_PROBLEM DESCRIPTION:_ What you return should be only the lines in the entries below between the one holding "NUEVOS PUNTOS DE RECICLAJE DE VIDRIO 0" and the one holding "Multicolor Embroidered Leopard", ends included, with every picture left out.

_GIVEN DATA:_
-*-*-

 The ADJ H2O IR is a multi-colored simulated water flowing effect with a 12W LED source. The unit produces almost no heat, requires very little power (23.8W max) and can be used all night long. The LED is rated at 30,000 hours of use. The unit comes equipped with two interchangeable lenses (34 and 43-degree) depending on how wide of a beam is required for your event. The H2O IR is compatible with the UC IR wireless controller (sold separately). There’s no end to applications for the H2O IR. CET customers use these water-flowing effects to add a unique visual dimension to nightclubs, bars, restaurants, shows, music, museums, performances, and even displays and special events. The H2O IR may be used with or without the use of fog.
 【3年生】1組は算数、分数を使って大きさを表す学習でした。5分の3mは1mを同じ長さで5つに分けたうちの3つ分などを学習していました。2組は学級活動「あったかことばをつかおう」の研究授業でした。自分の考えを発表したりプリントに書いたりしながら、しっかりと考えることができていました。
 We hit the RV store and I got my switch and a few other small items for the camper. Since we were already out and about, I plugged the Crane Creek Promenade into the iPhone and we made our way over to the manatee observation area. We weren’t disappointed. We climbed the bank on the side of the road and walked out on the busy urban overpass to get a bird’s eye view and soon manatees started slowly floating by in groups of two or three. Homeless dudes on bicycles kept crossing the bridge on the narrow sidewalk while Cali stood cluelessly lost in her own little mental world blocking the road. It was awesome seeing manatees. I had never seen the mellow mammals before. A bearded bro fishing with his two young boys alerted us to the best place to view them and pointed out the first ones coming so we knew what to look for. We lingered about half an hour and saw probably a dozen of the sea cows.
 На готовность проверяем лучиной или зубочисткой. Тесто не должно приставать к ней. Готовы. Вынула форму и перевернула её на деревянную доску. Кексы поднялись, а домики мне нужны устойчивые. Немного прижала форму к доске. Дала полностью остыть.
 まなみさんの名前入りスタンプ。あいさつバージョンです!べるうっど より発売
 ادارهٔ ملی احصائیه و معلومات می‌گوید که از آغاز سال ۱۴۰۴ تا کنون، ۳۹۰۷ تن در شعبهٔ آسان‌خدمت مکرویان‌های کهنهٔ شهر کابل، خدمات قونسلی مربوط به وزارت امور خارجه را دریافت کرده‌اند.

-*-*-

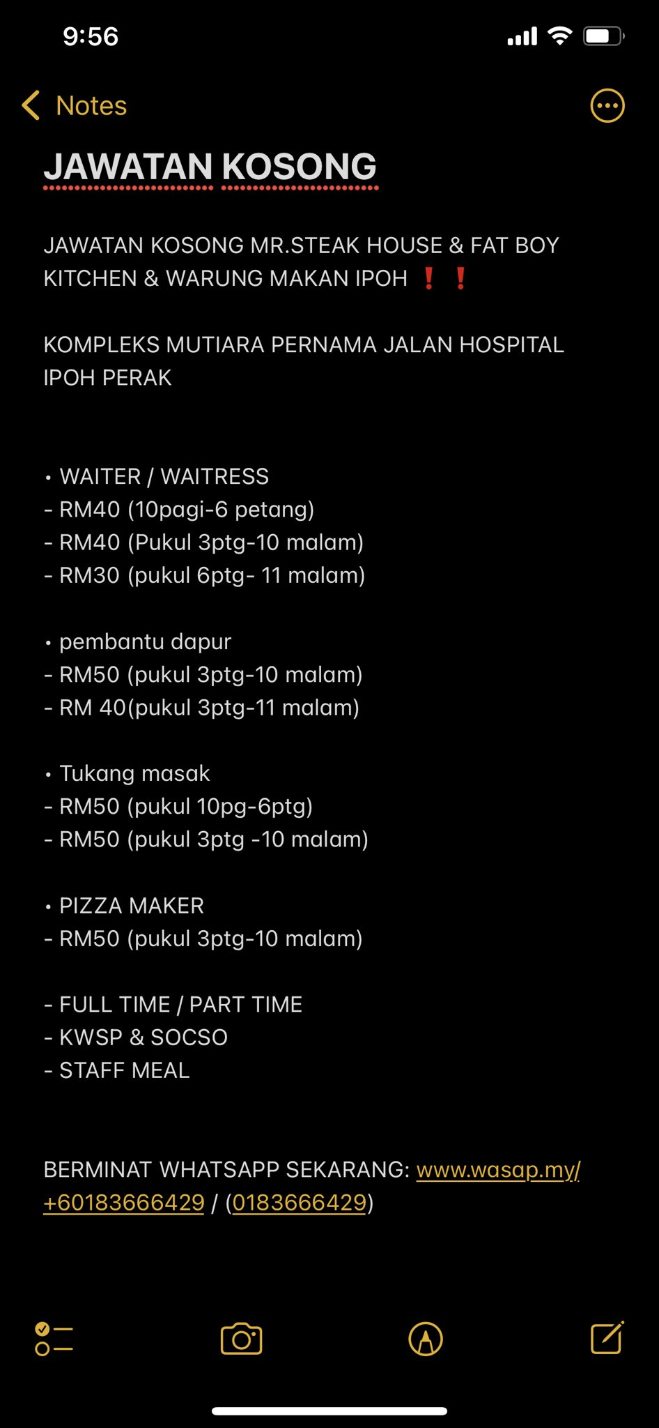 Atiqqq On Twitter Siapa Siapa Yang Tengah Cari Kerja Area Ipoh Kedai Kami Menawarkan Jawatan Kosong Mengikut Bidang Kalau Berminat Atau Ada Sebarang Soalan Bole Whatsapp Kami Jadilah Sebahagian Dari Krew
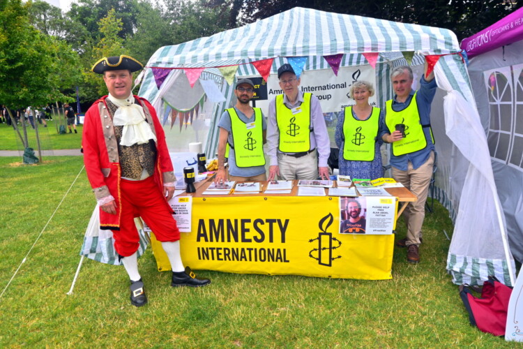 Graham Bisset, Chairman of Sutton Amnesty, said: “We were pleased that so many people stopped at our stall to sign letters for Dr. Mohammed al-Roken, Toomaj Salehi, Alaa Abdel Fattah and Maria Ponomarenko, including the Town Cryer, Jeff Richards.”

-*-*-

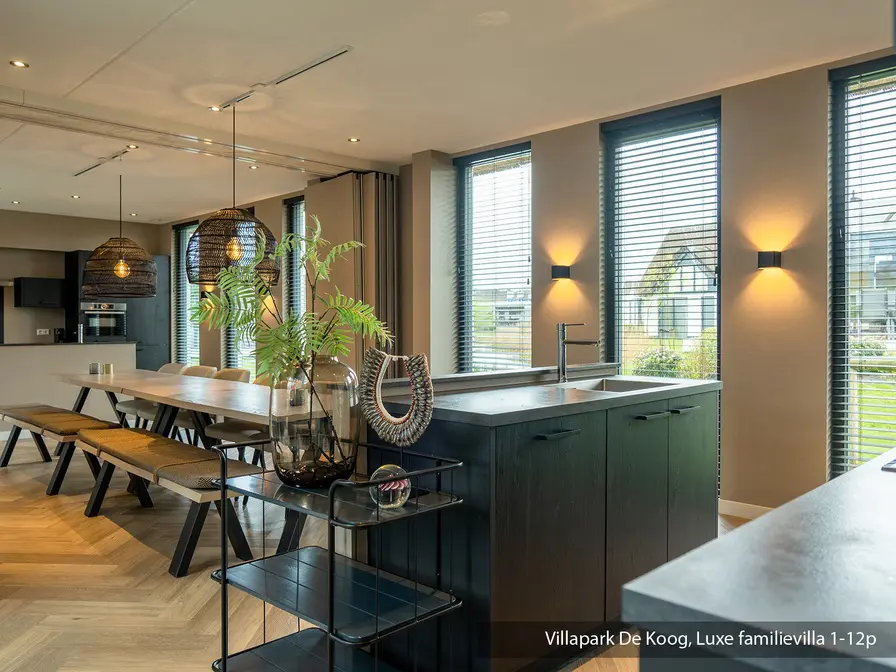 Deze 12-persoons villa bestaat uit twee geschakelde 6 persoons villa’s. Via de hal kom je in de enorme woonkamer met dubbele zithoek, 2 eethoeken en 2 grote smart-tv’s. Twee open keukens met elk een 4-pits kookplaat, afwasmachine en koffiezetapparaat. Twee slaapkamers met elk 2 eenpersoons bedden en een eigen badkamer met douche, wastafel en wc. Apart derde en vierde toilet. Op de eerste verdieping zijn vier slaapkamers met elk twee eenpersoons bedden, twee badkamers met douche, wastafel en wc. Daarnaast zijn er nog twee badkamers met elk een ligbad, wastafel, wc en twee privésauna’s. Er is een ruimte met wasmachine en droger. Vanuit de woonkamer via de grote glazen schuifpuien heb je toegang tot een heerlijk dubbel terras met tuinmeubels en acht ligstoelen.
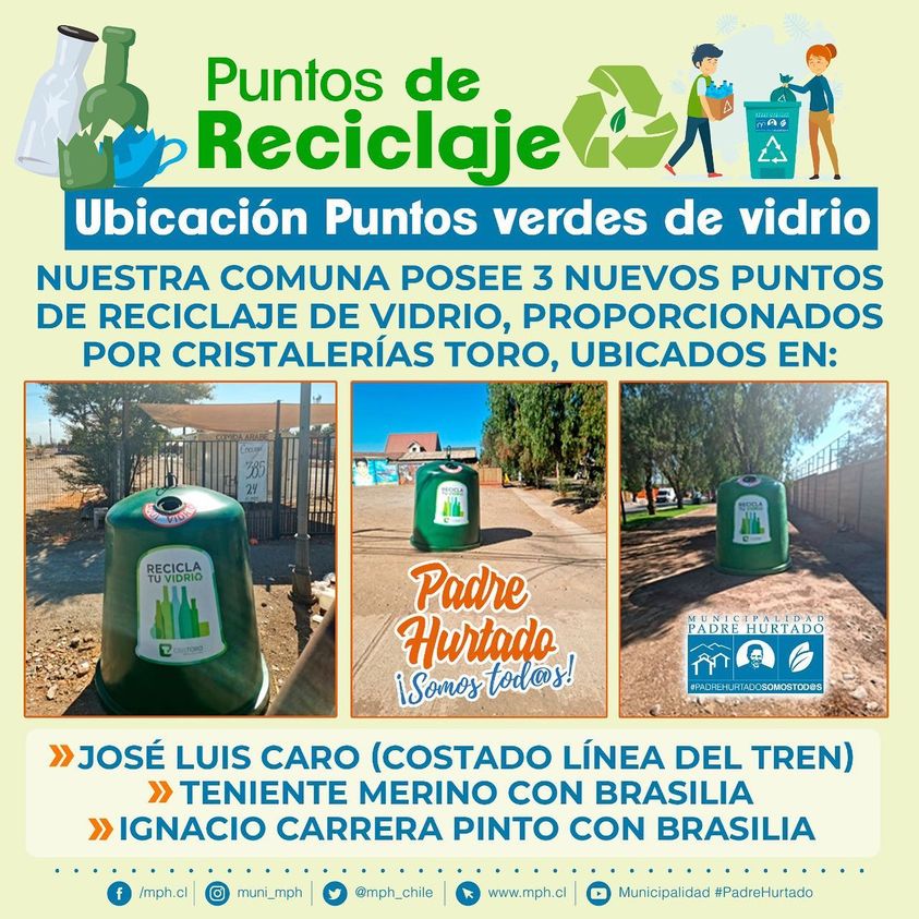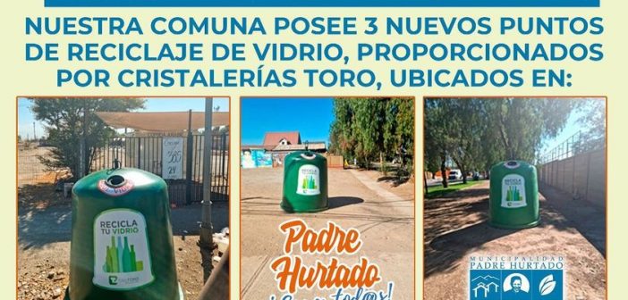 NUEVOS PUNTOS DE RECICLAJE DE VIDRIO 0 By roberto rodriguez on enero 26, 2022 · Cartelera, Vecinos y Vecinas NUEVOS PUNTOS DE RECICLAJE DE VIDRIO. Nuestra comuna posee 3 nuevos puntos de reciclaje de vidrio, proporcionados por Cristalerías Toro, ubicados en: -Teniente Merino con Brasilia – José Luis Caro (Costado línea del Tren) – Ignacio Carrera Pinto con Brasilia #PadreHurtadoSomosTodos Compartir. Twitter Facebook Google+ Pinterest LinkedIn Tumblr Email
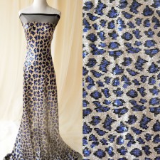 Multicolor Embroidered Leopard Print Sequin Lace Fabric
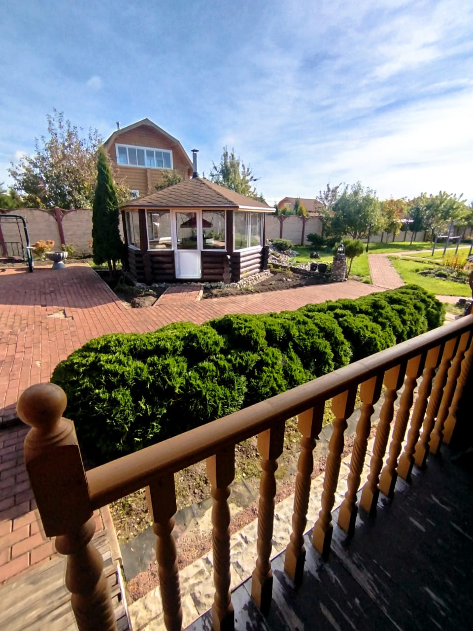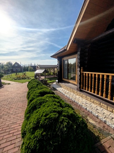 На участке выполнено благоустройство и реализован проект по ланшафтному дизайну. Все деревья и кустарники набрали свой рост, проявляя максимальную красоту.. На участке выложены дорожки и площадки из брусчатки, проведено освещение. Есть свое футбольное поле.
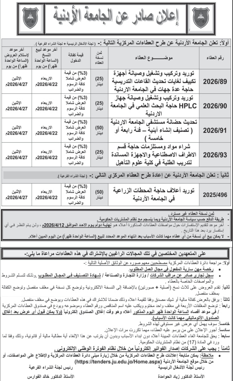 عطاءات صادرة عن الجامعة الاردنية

-*-*-

_ANSWER BELOW:_
 NUEVOS PUNTOS DE RECICLAJE DE VIDRIO 0 By roberto rodriguez on enero 26, 2022 · Cartelera, Vecinos y Vecinas NUEVOS PUNTOS DE RECICLAJE DE VIDRIO. Nuestra comuna posee 3 nuevos puntos de reciclaje de vidrio, proporcionados por Cristalerías Toro, ubicados en: -Teniente Merino con Brasilia – José Luis Caro (Costado línea del Tren) – Ignacio Carrera Pinto con Brasilia #PadreHurtadoSomosTodos Compartir. Twitter Facebook Google+ Pinterest LinkedIn Tumblr Email
 Multicolor Embroidered Leopard Print Sequin Lace Fabric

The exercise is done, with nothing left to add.